Chemical Fungicides and Bacillus siamensis H30-3 against Fungal and Oomycete Pathogens Causing Soil-Borne Strawberry Diseases

Article information

Plant Pathol J. 2021;37(1):79-85
Publication date (electronic) : 2021 February 1
doi : https://doi.org/10.5423/PPJ.NT.12.2020.0232
1Department of Horticultural Science, Gyeongnam National University of Science and Technology (GNTech), Jinju 52725, Korea
2Department of Plant Medicine, Andong National University, Andong 3679, Korea
3National Institute of Agricultural Sciences, Rural Development Administration, Wanju 5565, Korea
*Corresponding author.
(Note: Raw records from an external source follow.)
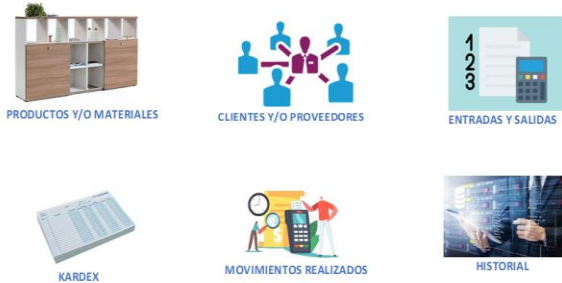
Fig. 3 Planificador de recursos

Finalmente se aplicó la quinta S que significa “Disciplina”; en donde se propuso realizar charlas motivadoras, utilizar advertencias de cumplimiento de los nuevos cambios impuestos, reconocer el desempeño del trabajador y entre otras acciones a tomar para que las nuevas modificaciones puedan convertirse en un hábito. Así también, se anunciará que quien no cumpla con el reglamento interno impuesto en las 4S anteriormente mencionadas, a la tercera llamada de atención se le hará limpiar al trabajador todo el taller, y en caso también desobedezca dicha orden se le descontará un monto de 50 soles (13 dólares) en su sueldo. Así también se implementó un plan de auditoría que se debe realizar trimestralmente para conocer los aspectos a mejorar.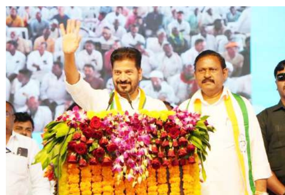
వేద న్యూస్, వికారాబాద్

గోదావరి జలాల ద్వారా తాండూరు, పరిగి, వికారాబాద్ ప్రాంతాలను సస్యశ్యామలం చేస్తామని ముఖ్యమంత్రి ఎ. రేవంత్ రెడ్డి స్పష్టం చేశారు. అలాగే వచ్చే మూడేళ్లలో మక్తల్-నారాయణపేట-కొండంగల్ ఎత్తిపోతల పథకాన్ని పూర్తి చేసి సుమారు లక్షా యాభై వేల ఎకరాలకు సాగునీరు అందిస్తామని తెలిపారు. ప్రజా పాలన-ప్రగతి బాట కార్యక్రమంలో భాగంగా వికారాబాద్ జిల్లా నారాయణపూర్ గ్రామంలో నిర్వహించిన బహిరంగ సభలో సీఎం మాట్లాడారు. లక్షిదేవిపల్లిలో రిజర్వాయర్ నిర్మాణానికి సంబంధించి భూసేకరణతో పాటు అవసరమైన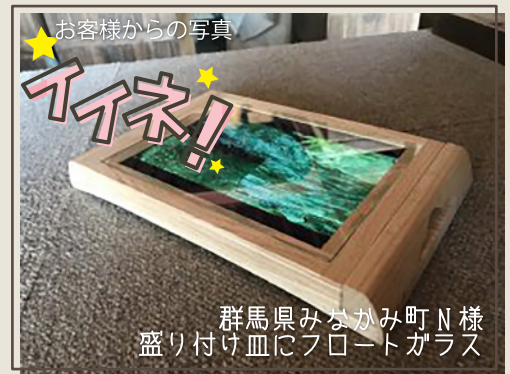
お客様からの写真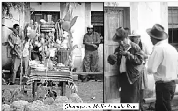
Qhupuyu en Molle Aguada Baja

Jaku, jaku nillawanki Duraznales, manzanales Mayllamantaq pusawanki Ay watakama carnavales.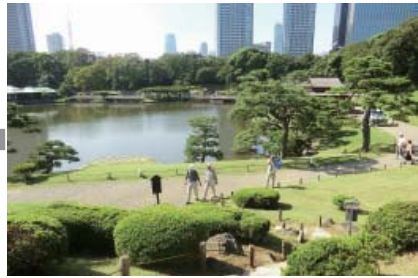
丘の上から潮入の池を望む

Phone) +82-55-751-3258, FAX) +82-55-751-3257, E-mail) jkhong@gntech.ac.kr, ORCID, Jeum Kyu Hong https://orcid.org/0000-0002-9161-511X

Handling Editor : Youn-Sig Kwak

These authors contributed equally to this work.

Received 2020 December 28; Revised 2021 January 13; Accepted 2021 January 13.

Abstract

Chemical and biological agents were evaluated to inhibit Colletotrichum fructicola, Phytophthora cactorum, and Lasiodiplodia theobromae causing strawberry diseases. Mycelial growths of C. fructicola were gradually arrested by increasing concentrations of fungicides pyraclostrobin and iminoctadine tris (albesilate). P. cactorum and L. theobromae were more sensitive to pyraclostrobin compared to C. fructicola, but iminoctadine tris (albesilate) was not or less effective to limit P. cactorum or L. theobromae, respectively. Bacillus siamensis H30-3 was antagonistic against the three pathogens by diffusible as well as volatile molecules, and evidently reduced aerial mycelial formation of P. cactorum. B. siamensis H30-3 growth was declined by at least 0.025 mg/ml of pyraclostrobin. The two fungicides additively inhibited mycelial growths of C. fructicola, but not of P. cactorum and L. theobromae. B. siamensis H30-3 volatiles led to less growth of C. fructicola than one reduced by the fungicides. Taken together, in vitro antimicrobial activities of the two fungicides together with or without B. siamensis H30-3 volatiles may be cautiously incorporated into integrated management of strawberry diseases dependent on causal pathogens.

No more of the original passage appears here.